WHAT TO WORK ON: For the copy, please give all of the data again exactly and leave the pictures out.

---------- DATA SUPPLIED

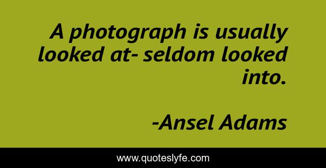 This page presents the quote "A photograph is usually looked at- seldom looked into.". Author of this quote is Ansel Adams. This quote is about photography, art, art-appreciation,.
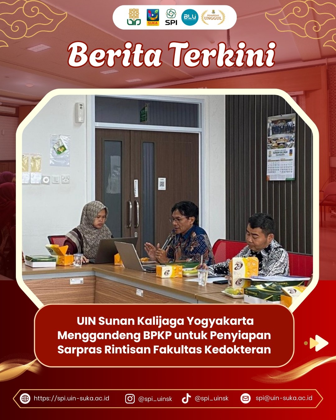 Yogyakarta, 21/11/2025 - Universitas Islam Negeri Sunan Kalijaga Yogyakarta menjalin kerja sama dengan Badan Pengawasan Keuangan dan Pembangunan (BPKP) Kantor Perwakilan Daerah Istimewa Yogyakarta (DIY) dalam rangka mempersiapkan sarana dan prasarana pada Fakultas Kedokteran pada hari Jumat,21 November 2025. Kerja sama ini bertujuan memastikan proses pembangunan fasilitas pendidikan kedokteran di UIN Sunan Kalijaga berjalan sesuai dengan standar yang ditetapkan pemerintah.
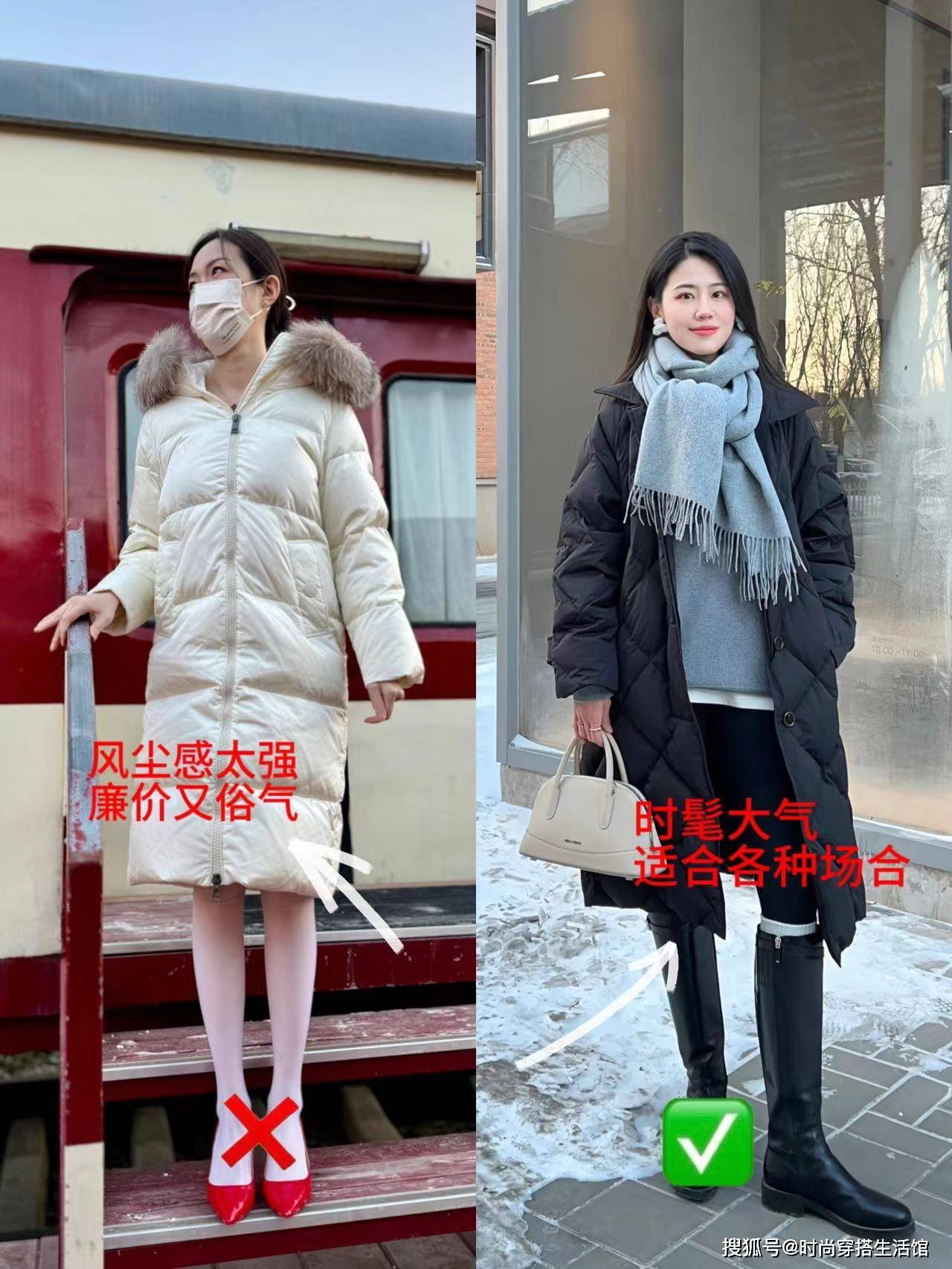 >>羽绒服下面一定不要搭高跟鞋,过年回家这样穿多美
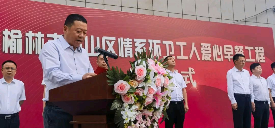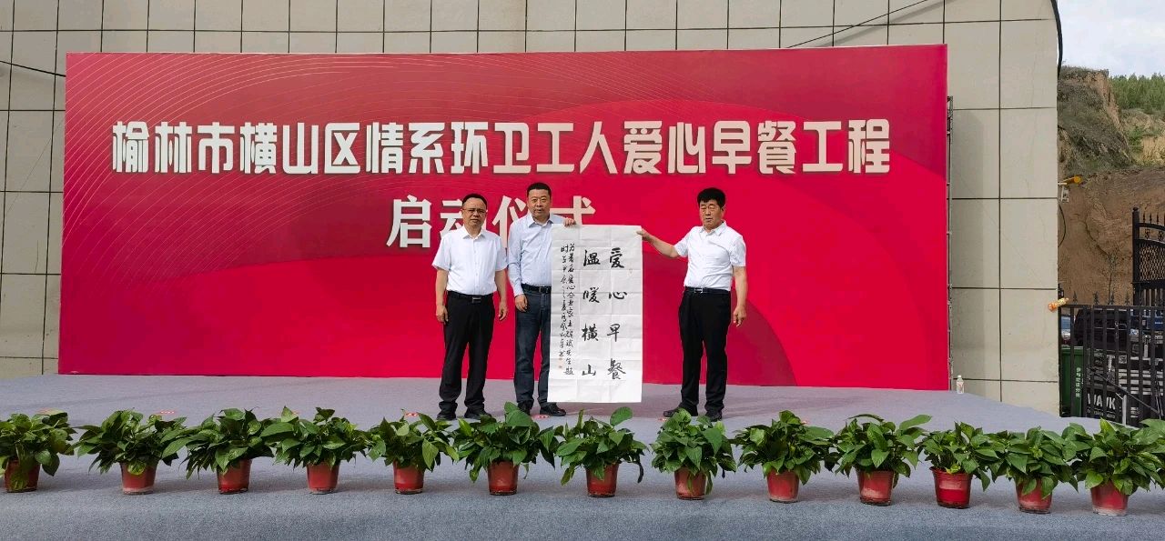 2024年6月2横山商会轮值会长王耀斌先生为横山区环卫工人免费提供爱心早餐的“情系环卫工爱心早餐工程”启动活动在横山区望霞路的环卫工人爱心早餐供应站正式启动。榆林市横山区委书记苗玉祥,区人大副主任、区总工会主席鲁加良,区政府副区长尤文博,区城市管理执法局局长赵春荣等领导出席启动仪式,西安市横山商会会长张帆、常务副会长兼秘书长李文彪、商会第二轮值副会长李体元、常务副会长曹继斌、李生锦、姚舒馨,副秘书长单锦洲、商会文化艺术专业委员会召集人卜晓刚等参加。
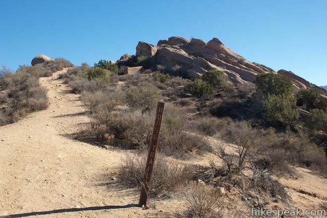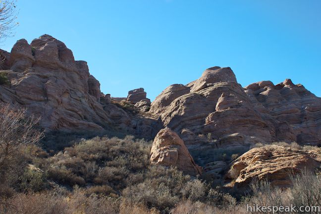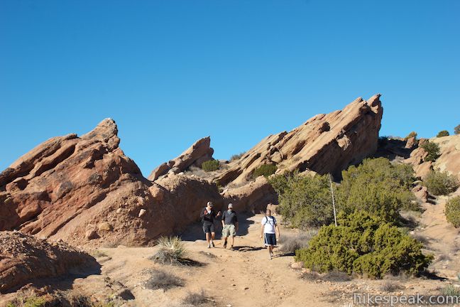 To get to the trailhead: Drive up the 5 Freeway to Newhall Pass and take exit 162 for Route 14. Drive 14.3 miles north on Route 14 (Antelope Valley Freeway) and take exit 15 for Agua Dulce Canyon Road. Turn left at the bottom of the ramp and drive north for 16 miles on Agua Dulce Canyon Road to a sharp right hand turn in the road. Take it, and continue up Agua Dulce Canyon Road, which becomes Escondido Canyon Road after 0.2 miles. At 0.8 miles from the turn, make a right hand turn into Vasquez Rocks Natural Area Park. Inside the park, turn right at the split to stop by the visitor center, or proceed to the left down the dirt road toward the Famous Rocks and trailhead for the Pacific Crest Trail.
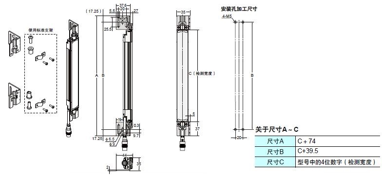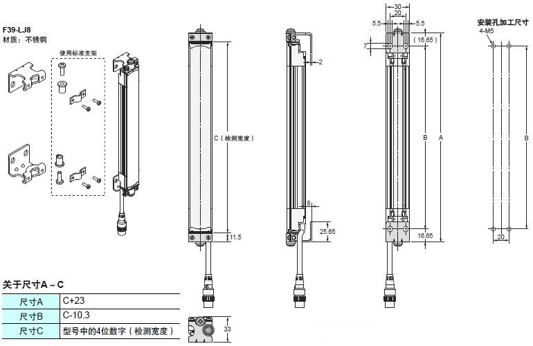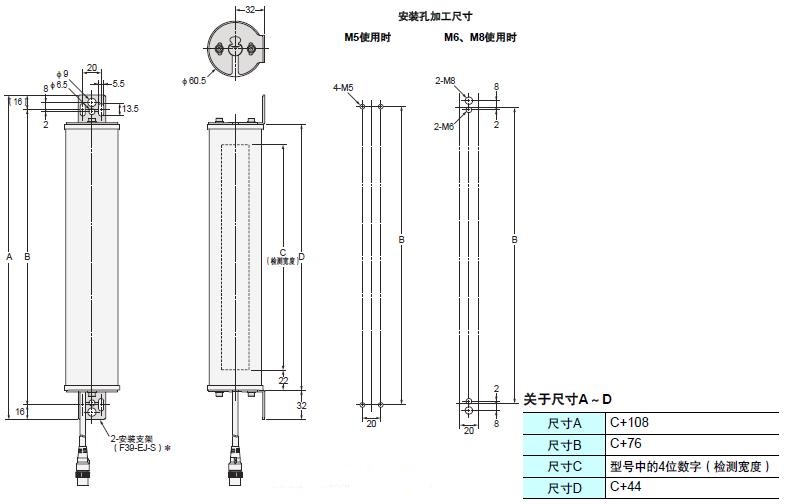 注. 有关安装支架尺寸的信息,请参阅《F3SJ-B □□□□ P25-02TS 用户手册》(SCHG-CN5-736)。所用支架与F3SJ-E/B系列其它型号相同。

--------------------

TASK SOLUTION:
 This page presents the quote "A photograph is usually looked at- seldom looked into.". Author of this quote is Ansel Adams. This quote is about photography, art, art-appreciation,.
 Yogyakarta, 21/11/2025 - Universitas Islam Negeri Sunan Kalijaga Yogyakarta menjalin kerja sama dengan Badan Pengawasan Keuangan dan Pembangunan (BPKP) Kantor Perwakilan Daerah Istimewa Yogyakarta (DIY) dalam rangka mempersiapkan sarana dan prasarana pada Fakultas Kedokteran pada hari Jumat,21 November 2025. Kerja sama ini bertujuan memastikan proses pembangunan fasilitas pendidikan kedokteran di UIN Sunan Kalijaga berjalan sesuai dengan standar yang ditetapkan pemerintah.
 >>羽绒服下面一定不要搭高跟鞋,过年回家这样穿多美
 2024年6月2横山商会轮值会长王耀斌先生为横山区环卫工人免费提供爱心早餐的“情系环卫工爱心早餐工程”启动活动在横山区望霞路的环卫工人爱心早餐供应站正式启动。榆林市横山区委书记苗玉祥,区人大副主任、区总工会主席鲁加良,区政府副区长尤文博,区城市管理执法局局长赵春荣等领导出席启动仪式,西安市横山商会会长张帆、常务副会长兼秘书长李文彪、商会第二轮值副会长李体元、常务副会长曹继斌、李生锦、姚舒馨,副秘书长单锦洲、商会文化艺术专业委员会召集人卜晓刚等参加。
 To get to the trailhead: Drive up the 5 Freeway to Newhall Pass and take exit 162 for Route 14. Drive 14.3 miles north on Route 14 (Antelope Valley Freeway) and take exit 15 for Agua Dulce Canyon Road. Turn left at the bottom of the ramp and drive north for 16 miles on Agua Dulce Canyon Road to a sharp right hand turn in the road. Take it, and continue up Agua Dulce Canyon Road, which becomes Escondido Canyon Road after 0.2 miles. At 0.8 miles from the turn, make a right hand turn into Vasquez Rocks Natural Area Park. Inside the park, turn right at the split to stop by the visitor center, or proceed to the left down the dirt road toward the Famous Rocks and trailhead for the Pacific Crest Trail.
 注. 有关安装支架尺寸的信息,请参阅《F3SJ-B □□□□ P25-02TS 用户手册》(SCHG-CN5-736)。所用支架与F3SJ-E/B系列其它型号相同。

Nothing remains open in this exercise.